Theresa swallowed hard. Blood rushed to her head. If a chair was behind her, she might drop into it. But she had learned long ago to do things a certain way. For Blaine.

“Was that safe, Blaine?”

Blaine shook his head. His wispy brown hair flipped across his high forehead and dark eyes.  “No. I’m sorry. I knew you wouldn’t like it. But it happened very quickly. And it felt important. It felt …”

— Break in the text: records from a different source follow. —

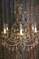 Gammel fransk prismelysekrone med masser af klare og rav farvet glas ...
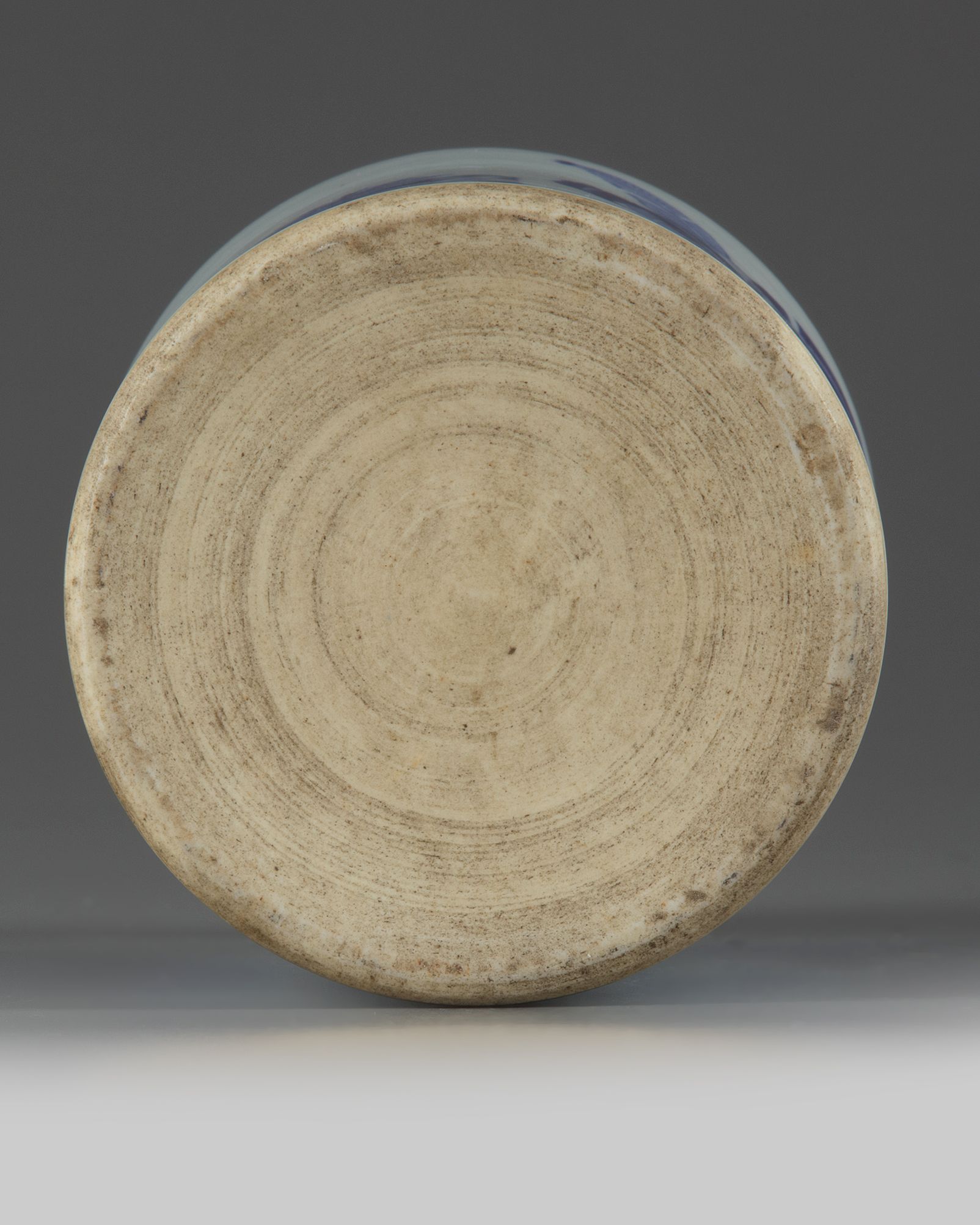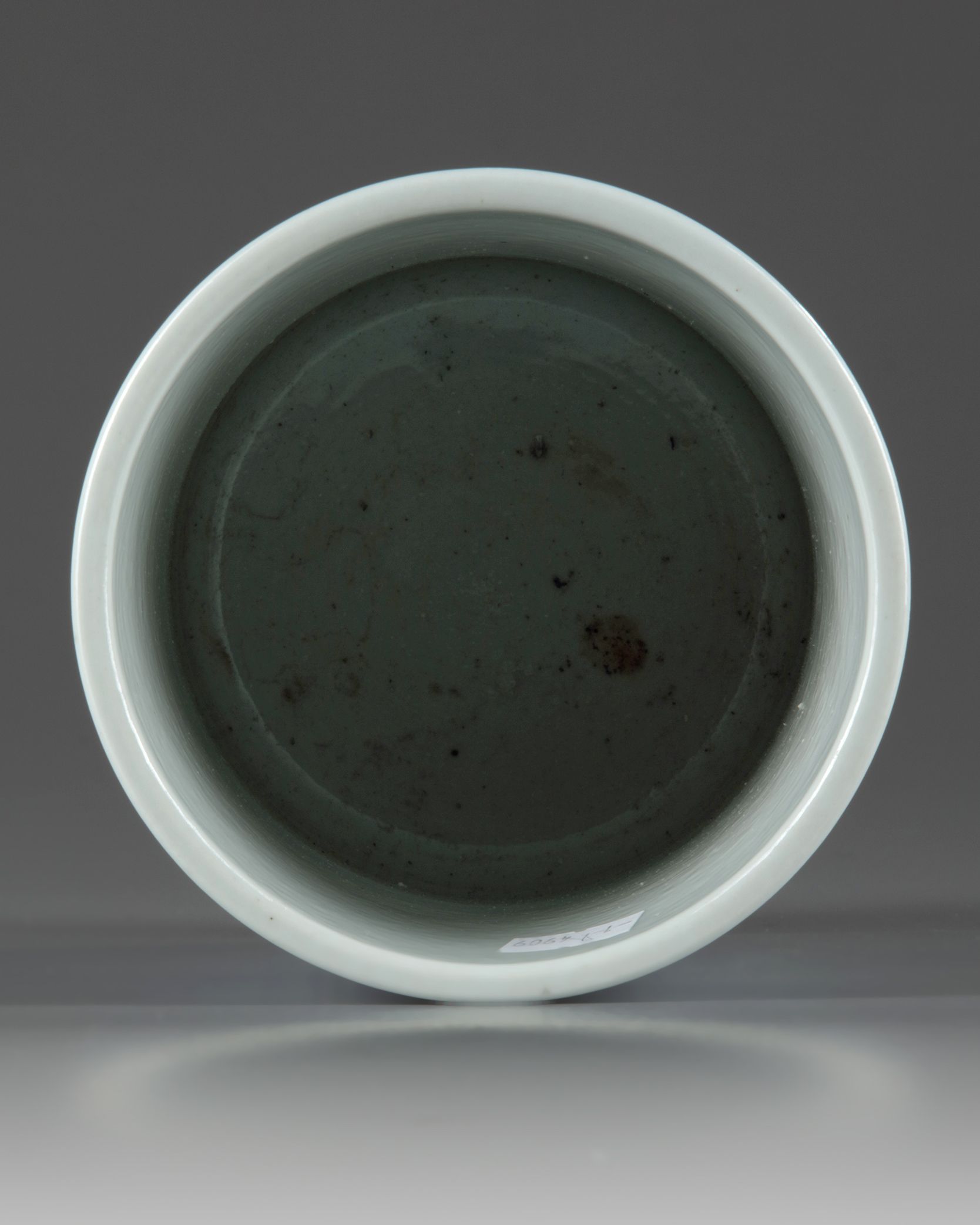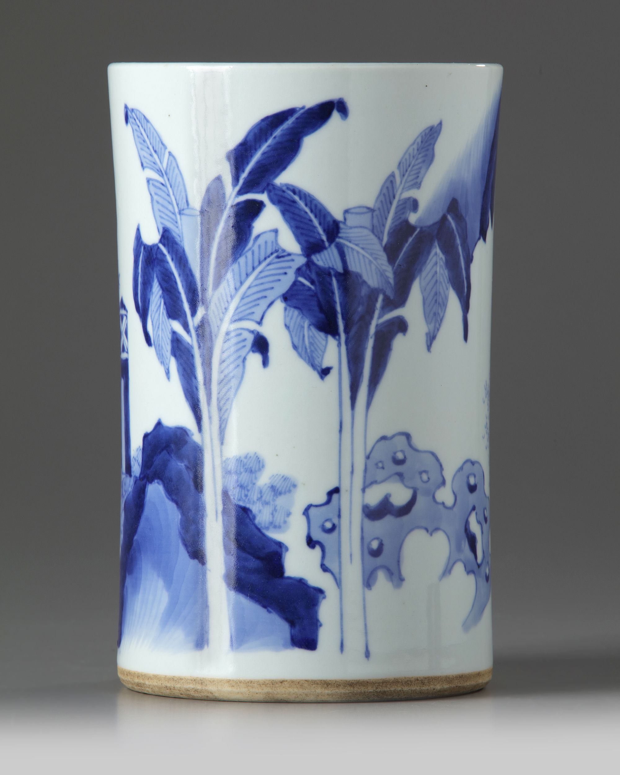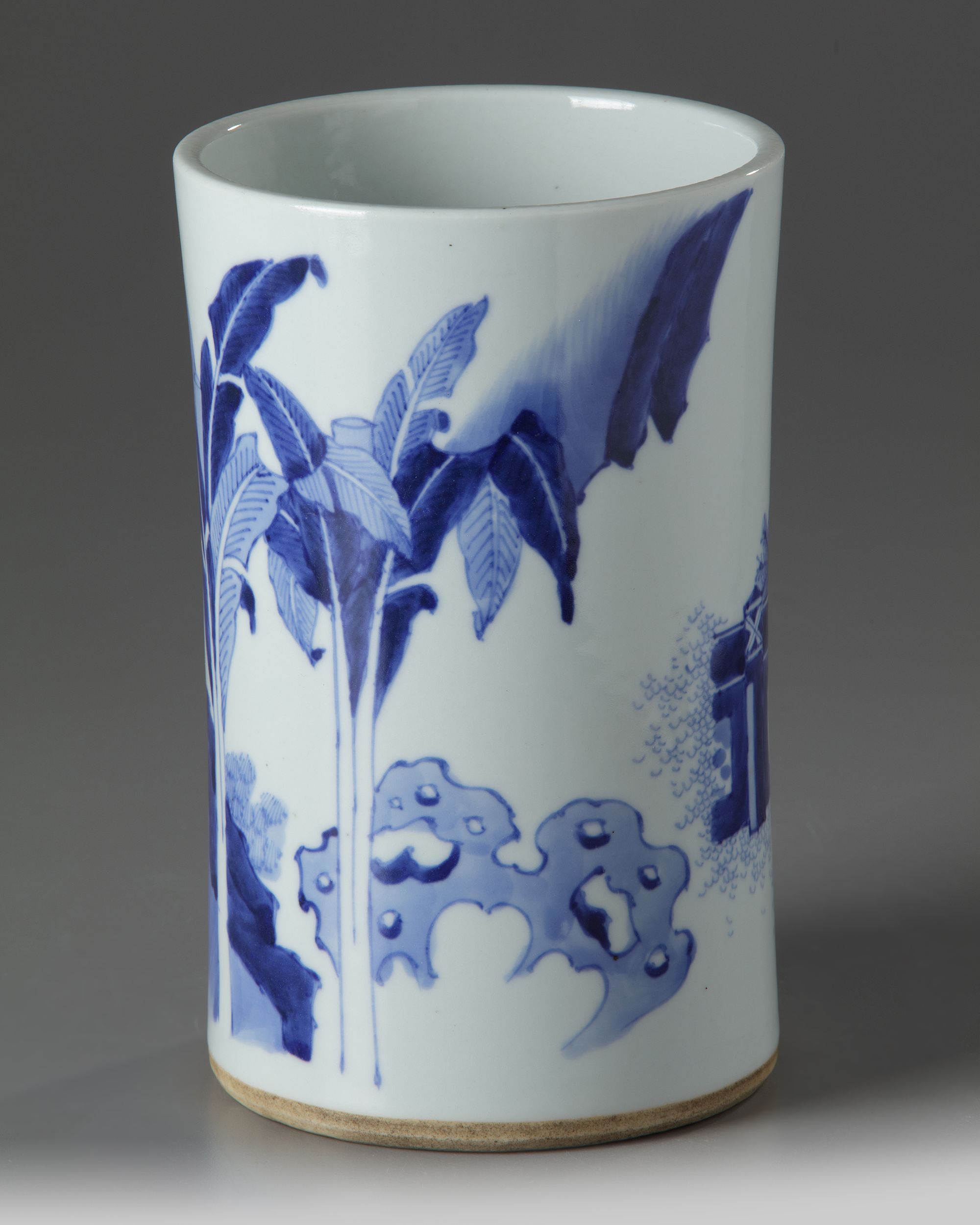 The exterior is decorated with a seated qilin in a fenced garden amongst pierced rocks and plantain.
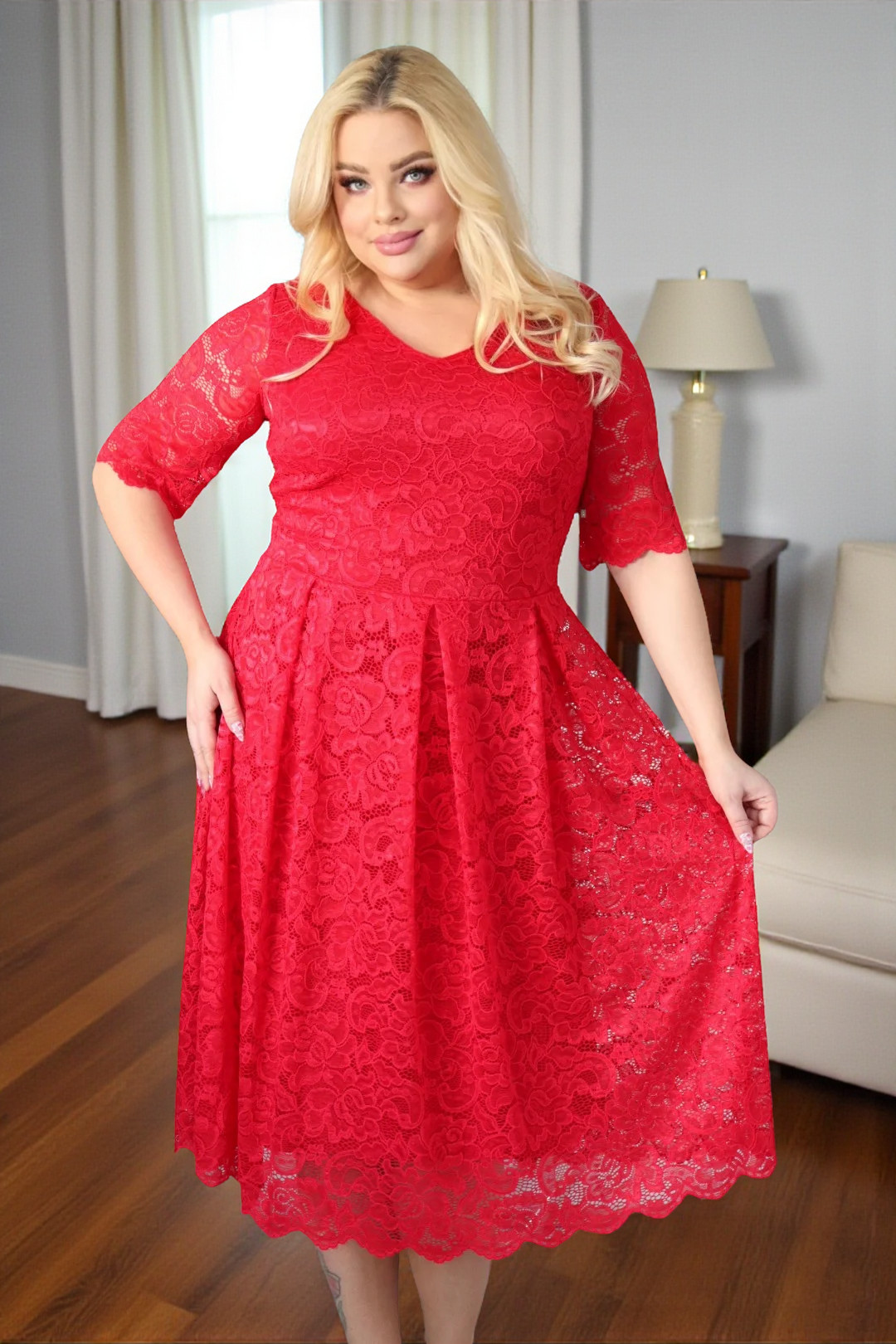 🇵🇱 Polski ProduktSukienka Vivienne koronkowa rozkloszowana czerwona koronka kwiaty
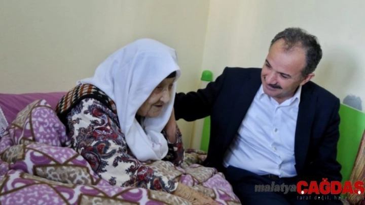 Adıyaman Belediye Başkanı Süleyman Kılınç, 102 yaşındaki Fatma teyzeyi evinde ziyaret ederek hayır duasını aldı.
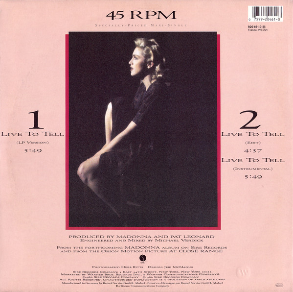 € 27.00 Media: Very Good (VG)Hoes: Very Good Plus (VG+)Madonna – Live To Tell (12″, Maxi)
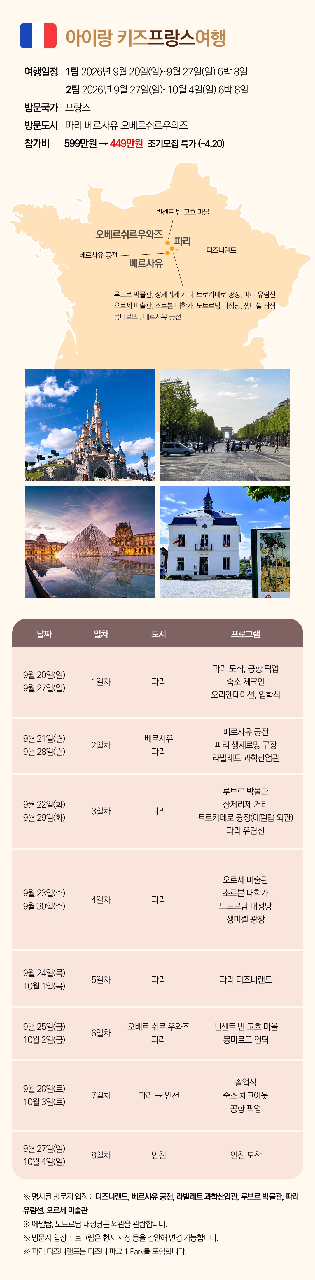 [2026년 9월] 추석 아이랑 키즈유럽여행 프랑스1팀
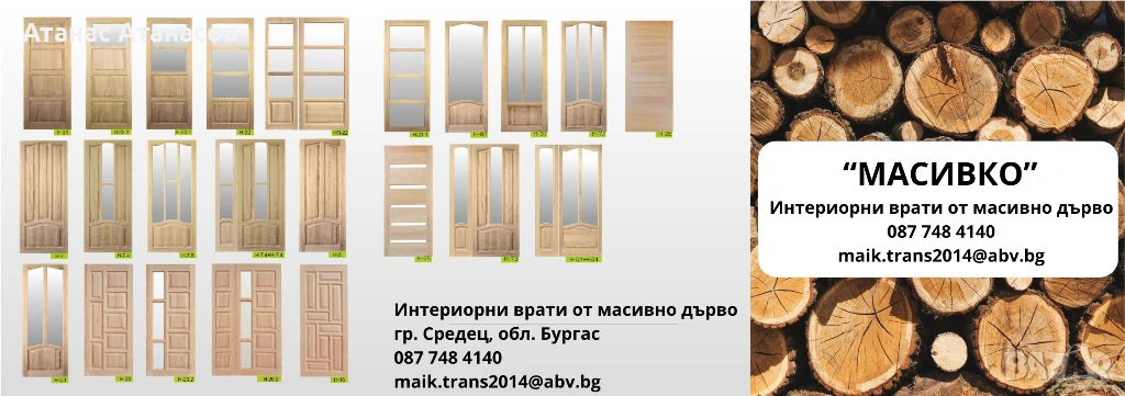 Продавам врати от масив ,различни размери и модели. Към тях предлагаме и каси както и первази. Възможна е безплатна доставка при покупка над 3 бр.
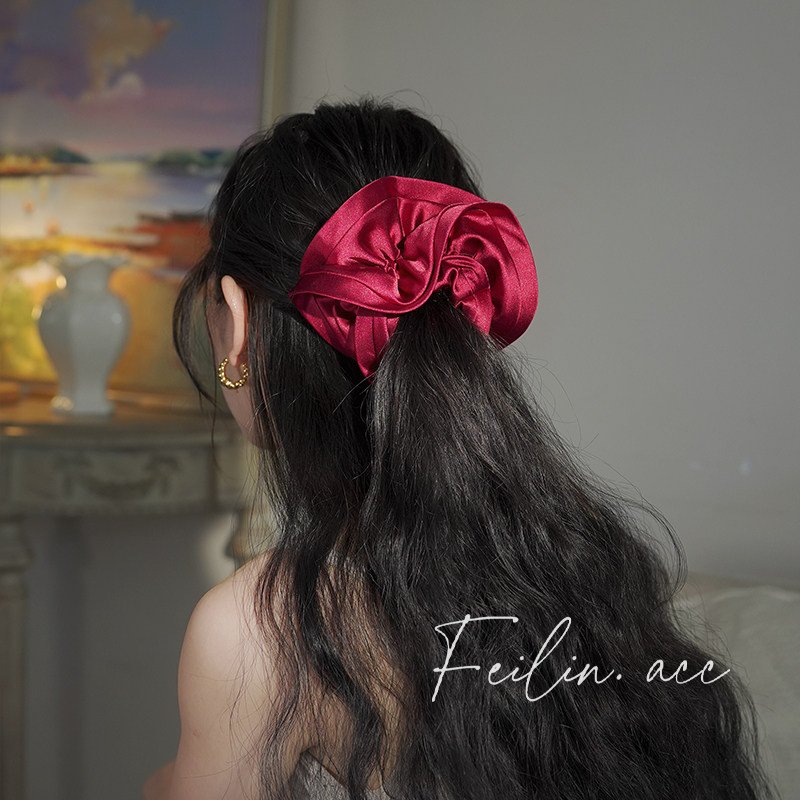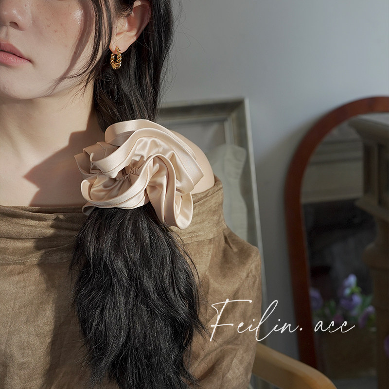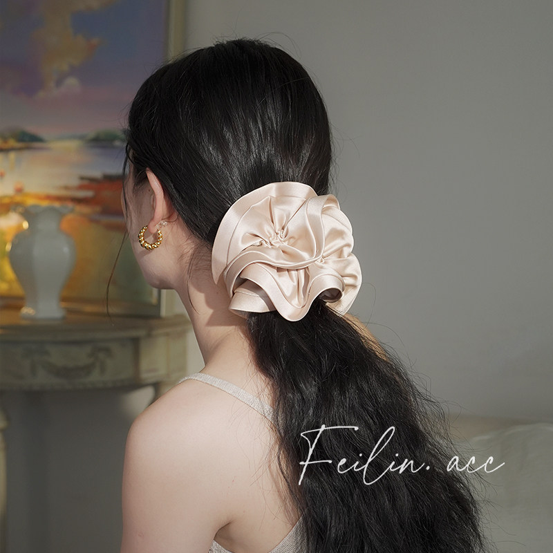 法式复古缎面大肠发圈女高级感小香风丸子头头花发绳马尾扎发发饰
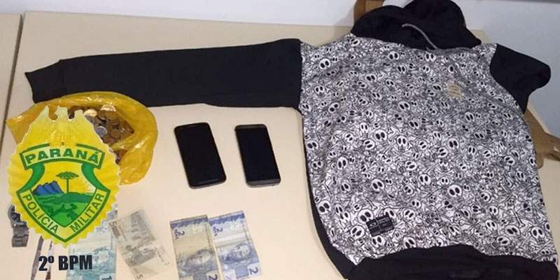 Em busca pessoal no mesmo, foi encontrado em seus bolsos dois celulares, sendo um Moto G preto, um celular prata HTC, R$ 104,00 (cento e quatro reais), uma nota de cinco euros, R$ 94,15; um relógio de pulso, que relatou ter furtado tudo na cidade de Jacarezinho na data de ontem, inclusive a blusa que o mesmo havia dispensado. Também foi encontrado com o mesmo, duas chaves mixa utilizadas para abrir portas. O abordado relatou que o dinheiro era advindo do furto realizado a uma localidade denominada “pague fácil” em Jacarezinho, registrado no boletim 2019/668138.

Though her brain rattled with the possibilities of what could have happened to her child, she knew what had happened to him in that moment. It’s what happens to people when they’re faced with a moral choice. “Right?” she said. “It felt right?”

“Yes. It felt right.” He looked at the battered Swingline on the table. It laid there in the circle of light thrown by the overhead lamp, a broken object that was once a friend — it seemed wounded. Maybe dead. “I don’t want the Clements to have to hang flyers. I want to tell them what happened. Will you help me get the words right?”

Theresa wanted to hug her boy. She wanted to crush him with love. She stroked his cheek with her gaze. “Yes, my love. I will help you. So the Clements don’t have to hang flyers.”